殊不知,帘子后站了个冷若冰霜的雍正
早朝时,讷亲联合钮祜禄氏一族上奏年羹尧的僭越之举
而讷亲之所以弹劾年羹尧,一是做样子给雍正看,二是算之前年羹尧暗害策楞的那一笔账
而雍正不仅没有重罚年羹尧,反而赞赏年羹尧夫妻情深,并令百官向年羹尧学习
雍正对待年羹尧的态度,令讷亲想到了一句话“捧得越高摔得越惨”
,这大概就是妹妹曾说过的捧杀吧
而年羹尧则是耀武扬威地睨了讷亲一眼。更加自鸣得意,心中暗想,连世家大族钮祜禄氏都动不了他一根汗毛,以后的大清皇帝老大,他年羹尧老二。
午后时分,轻然意外收到了一份“一切供应皆按皇贵妃”
的旨意。苏培盛走后,轻然才明白前些日子雍正临走时说的那句“安心等着”
的意思了
见轻然面容平淡不见喜色,嘉月疑惑不解问道:“娘娘不高兴?”
轻然意味深长地看了眼嘉月,反问回去:“难道现在该高兴?”
这个圣旨算什么?在轻然眼里不过就是张破布。她要把乌拉那拉氏一步一步地拉下后位,帮她夺取三阿哥就是第一步。

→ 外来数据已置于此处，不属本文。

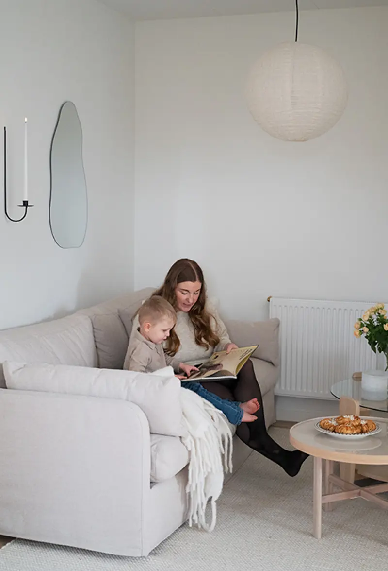 Utöver matplatsen älskar familjen att vara i sitt vardagsrum, en plats för både avkoppling och samvaro. Här har de skapat en harmonisk atmosfär med soffan Peyton och soffborden Marsden och Arran, som de har mixat för att skapa kontraster med olika material. Under soffan och soffborden ligger den vackra mattan Auckland, som binder ihop rummet och skapar en inbjudande känsla. En av familjens favoritstunder är när de kryper upp i soffan och läser böcker tillsammans – en stund av lugn och närhet i vardagen.
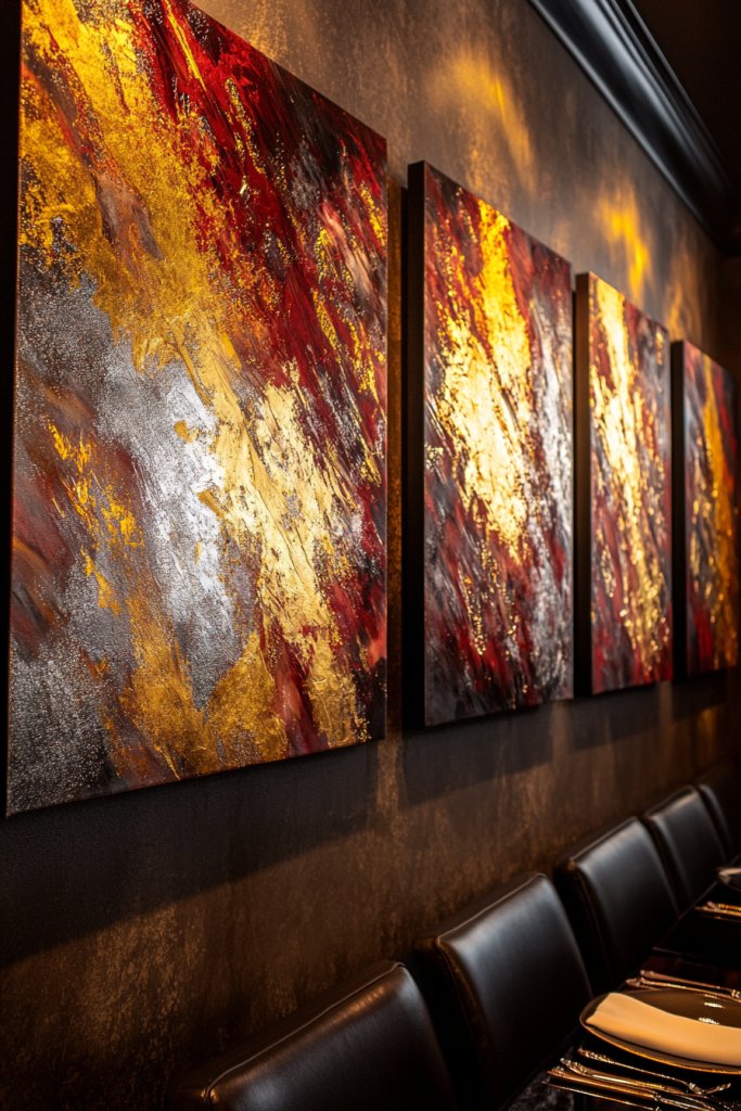 Abstract art with metallic accents proves that bold, contemporary design can be luxurious and inviting. It elevates your entire space and sets a sophisticated tone. Your dining room will feel modern, glamorous, and inspiring—perfect for memorable gatherings. Ready to embrace your luxe side?
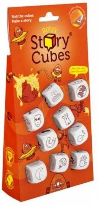 Originally Rory had put the images on the faces of a Rubik’s Cube, and players would turn the Cube to scramble the images, then choose one side to play with. Kate Jones of Kadon Enterprises suggested putting the 54 images on 9 separate cubes, to allow for quicker ways to generate more varied combinations, including conceptual puzzles. Rory readily agreed, having considered the 9-cubes idea himself earlier. At a creativity conference held at Kadon headquarters in May 2004, a prototype was whipped up, and in 2005 Kadon launched the cubes version of Rory’s Story Cubes.

嘉月心领神会,不再多言。她对轻然和钮祜禄氏一族的雄心抱负心知肚明
苏培盛离开没多久,如月就带回来刚打探到的消息:“娘娘,皇上晋华妃娘娘为贵妃,晋敬嫔娘娘为敬妃,赐协理六宫之权。”
轻然挑挑眉,“嗯哼?”
一声
对于华妃升为华贵妃,众人反应各不相同,如轻然般云淡风轻的人实在是少之又少
沈眉庄怒气冲冲地奔向碎玉轩,愤恨说道:“只恨我没有一个好父亲,好兄弟去征战沙场,白白便宜了贱人。”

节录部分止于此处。